ヴィム・ヴェンダースの『PERFEC TDAYS』に、公衆トイレの清掃が生業となった主人公(役所広司)が古本屋でパトリシア・ハイスミスの著作を買う場面があった。そのシーンにこの男はただ者ではないと直感した。前歴は作家か映画監督なのか。
ハイスミスはアガサ・クリスティーと並ぶ人気を持ち、トルーマン・カポーティに認められ、日本では吉田健一が愛読した。著作の多くが映画化された(ヴェンダースも『アメリカの友人』を1977年に)が、何といっても僕は中学時代に名画座で観た『太陽がいっぱい』が印象に残っている。切なく哀しい青春の挫折を描いた作品だったが、一方で、なんて鮮烈で美しい時間なのだろうと感激した覚えがある。
原作者としてパトリシア・ハイスミスの名前はパンフレットで知ったが、それ以上の知識を得ることはなく、今回のドキュメンタリー『パトリシア・ハイスミスに恋して』(全国順次公開中)で初めてその生涯を知った。彼女は1921年にテキサスで生まれ、自分が生まれる9日前に父と離婚した母に呼ばれてニューヨークで育ち、長じて作家となる。
文学界で成功を収めながらも彼女はあくまでアウトサイダーだった。思春期の感覚を持ち続けながら大人になった。母親との確執に加え、隠れたレズビアンでもあった。彼女は藻掻く。母の勧めで男と付き合おうとしても、セックスは「金属たわしで顔を擦るようなもの」で苦痛だった。しかし、その頃の保守的な常識が「たわし」となって彼女の感覚を磨き上げ、不屈の精神を育んだ。

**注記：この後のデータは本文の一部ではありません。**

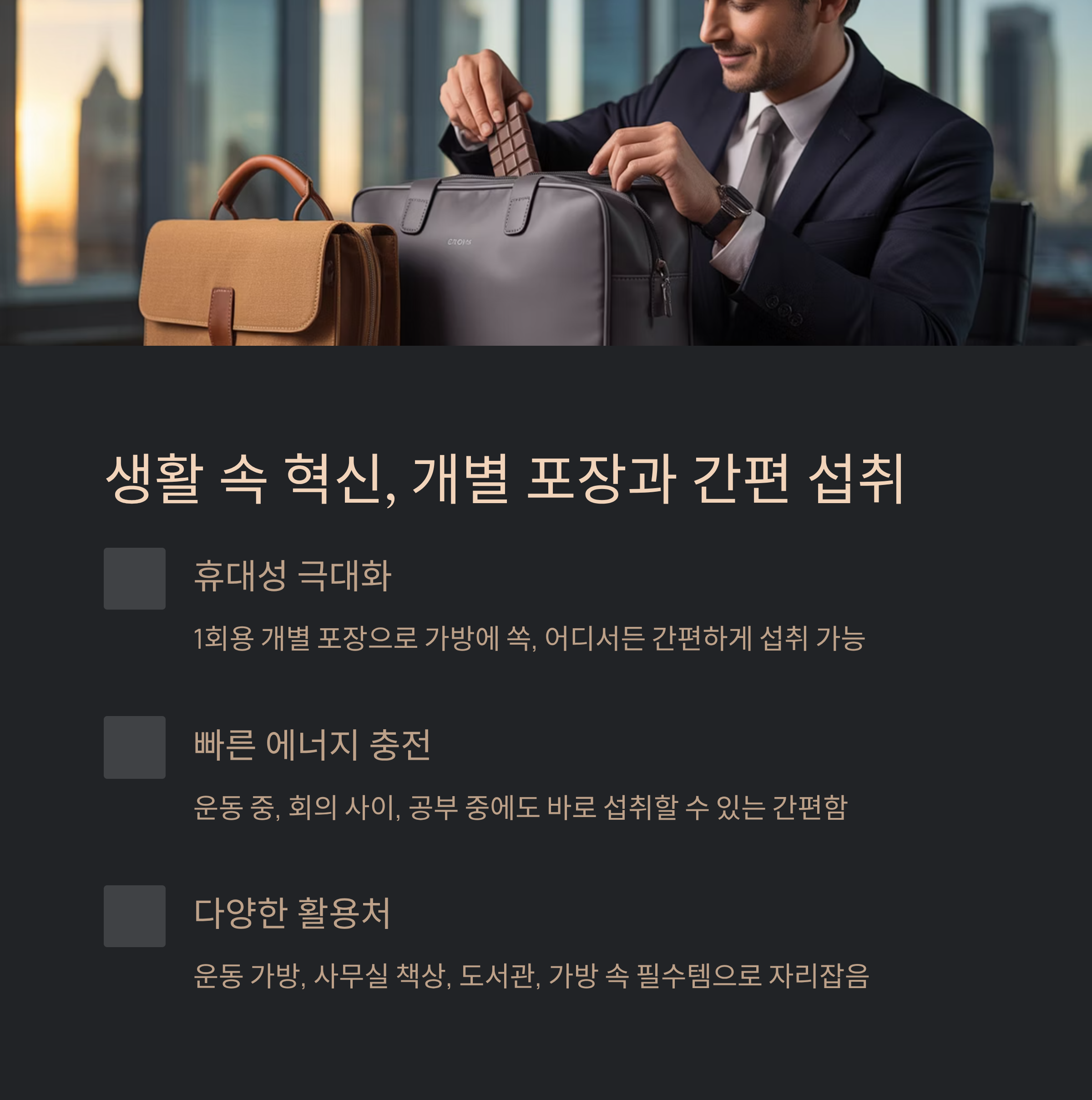 - 개별 포장 및 휴대성 강화 - 언제 어디서든 쉽게 섭취 가능

「物書きで心に傷がない人はいない」「どんな災難も心の栄養になる」「(タイプライターで)釘を打ち込むように文字を綴る、いい気分!」「自分という肥沃な大地を耕さねば。でないと搾乳されない乳牛みたいに腐って、可能性は眠ったまま死んでしまう」
映画に登場する彼女の言葉が僕を魅了した。理想主義、身勝手、成熟を拒む少女の感性。ハイスミスは奔放に恋もした。フランス煙草ジタンを吸い、毎朝起きるなりジンを飲みながら小説を書いた。彼女には臆病者の「度胸」があったのだ。